I closed the autoclave, pressed the button, and heard a hum as the air was pumped out. Well then. I walked out the door. The sealed container was hidden against my chest.
"Hey! Stop!" a voice shouted from behind me.
I froze. The ant queens in my hair tensed, preparing to attack. I mentally calculated the entire path from here to my truck. It was far. This was very bad. If I attacked now, I'd have to expose myself. Expose my powers and possibly my real name; there were cameras everywhere. Even if I just knocked him out and dragged him aside, they would find him eventually and review the security footage. Damn it, Tattletale, I thought, though I understood that even she couldn't foresee everything. Otherwise, she wouldn't have needed my help.
I turned around slowly. Ready to attack. Or should I just pretend I was lost? But the lab coat, the badge… no, that was useless.

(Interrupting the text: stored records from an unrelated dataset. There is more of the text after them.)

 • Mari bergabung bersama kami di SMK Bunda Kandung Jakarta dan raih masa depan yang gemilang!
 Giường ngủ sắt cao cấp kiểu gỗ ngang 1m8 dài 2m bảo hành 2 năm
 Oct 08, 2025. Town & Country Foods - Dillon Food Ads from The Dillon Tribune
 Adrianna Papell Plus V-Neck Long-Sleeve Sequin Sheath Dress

"I thought you were ignoring me!" A scrawny guy in the same white coat and a dangling badge caught up to me, his hair sticking out in all directions. "Which department? Oh… production. You new? I haven't seen you before. Anyway, it doesn't matter. Old Man Max from testing and control is retiring, you hear?"

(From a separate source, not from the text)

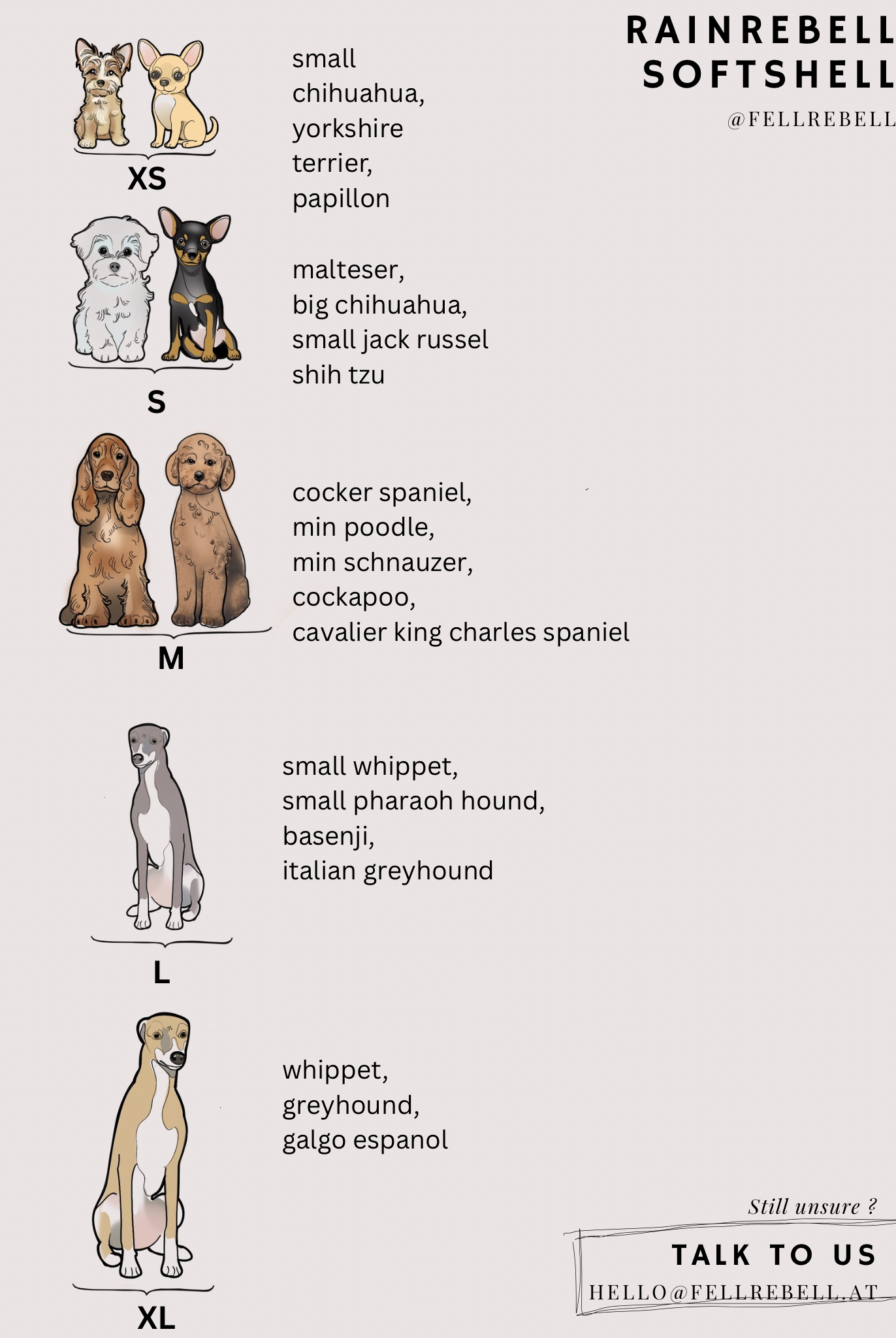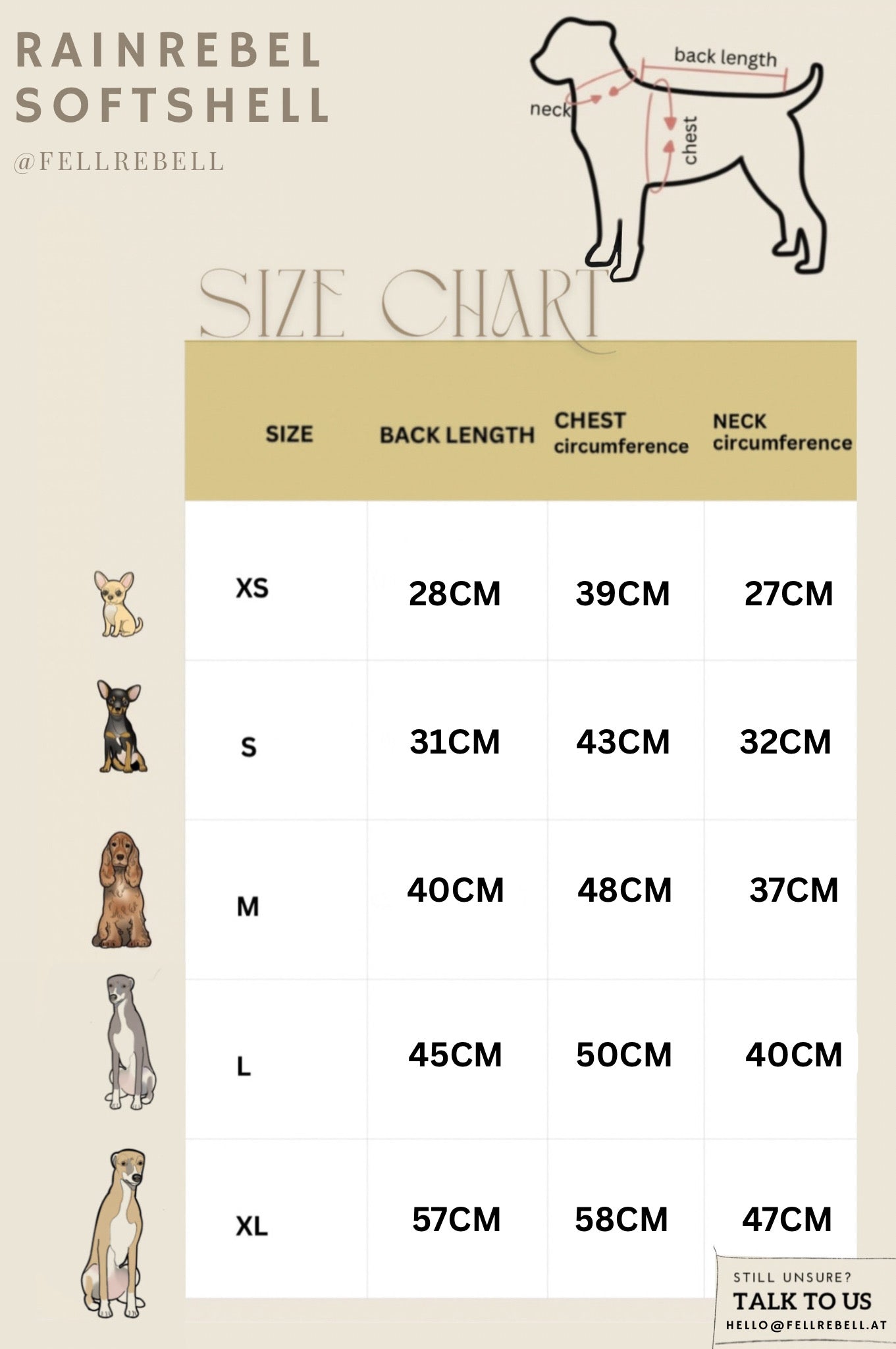 Unsere Produkte gibt es in verschiedenen Passformen – manche eignen sich besser für schlanke Hunde, andere für kräftigere Staturen. So findet jeder Hund sein perfektes Modell. Bitte beachte daher die Größentabelle des jeweiligen Produkts, um die ideale Passform zu wählen.

"I…" I began, realizing that he wasn't suspicious yet, and I needed to say something unsuspicious, fast. 'I don't know'? What if everyone knows? Who the hell is 'Old Man Max'? Or 'Yeah, of course, Old Man Max, we've been great friends since that party two years ago, ha-ha, who doesn't know Old Man Max'?

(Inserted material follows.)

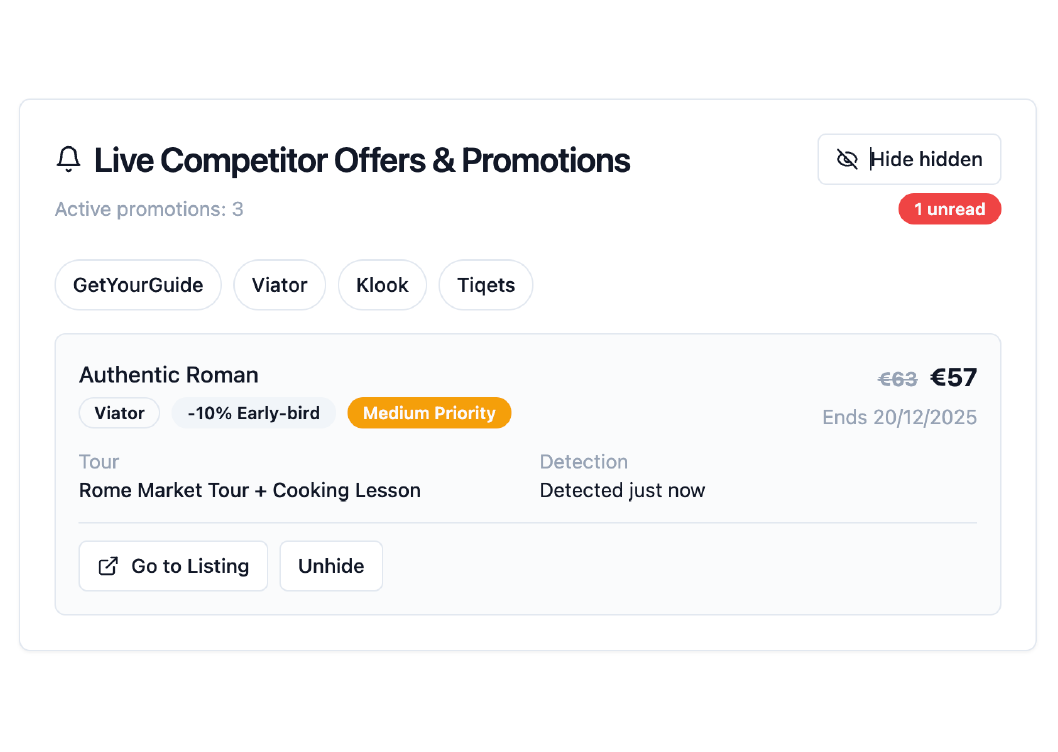 See when rivals change prices, launch offers, or sell out and react before it costs you bookings.

"Anyway, you owe me a twenty," he interrupted. "We're collecting for his retirement party. He's worked here for almost twenty years! Why are you looking at me like that?"
"Uh… one second." I reached into the pocket of my jeans under the lab coat, praying there was some money left. Aha, two crumpled tens. Perfect.
"Here." I handed them to the skinny guy. He snatched them and quickly stuffed them into his pocket.
"But it's a secret!" he said, raising a finger. "Got it? Not a word to Max himself. And don't tell anyone how much you gave. The other guys are pitching in more, but you're new… so you get off with just a twenty."
"Of course," I nodded, thinking that this guy had just scammed the new girl out of twenty bucks. Whatever. I just needed to get out of here.
"But you can give more, of course. For Max's gift. He'd appreciate it…" He looked at me expectantly.
"I don't have any more money," I said flatly. "Leave me alone."
"You're rude… Karina Jones," the skinny guy said, reading my name tag. "And here I was going to show you around. Want me to?"
"Thanks, I'll pass," I said, wondering what this guy wanted from me. Maybe I should just sting him. Let him lie down for a bit. I was almost certain I could calculate a non-lethal dose now… he couldn't weigh more than a hundred and fifty pounds, tops. Adjusting for metabolism…
"So, Karina, what are you doing tonight? You're kinda cute," the skinny guy said, and I almost facepalmed. Seriously?
"I already have a boyfriend. And a girlfriend. And even a pet," I said with a stone-cold expression. "Out of my way, Casanova."
"Fine, whatever!" he shouted after me. "But you should still come to the party! Tomorrow night at our usual bar! You can even dress up!"
God. I hurried down the stairs, ran out onto the loading dock, hid behind the crates, and stripped off the lab coat and badge. I opened the pickup door and threw everything inside.
"Sorry for the delay, we had a forklift tip over on the next bay," a tired worker in blue overalls said, approaching my truck and scratching the back of his head. "What's on your order form?"
"Here you go." I handed him the clipboard. He took it, glanced at it, and sighed.
"Just five crates, huh? One minute." He walked away, and I finally let out a breath of relief.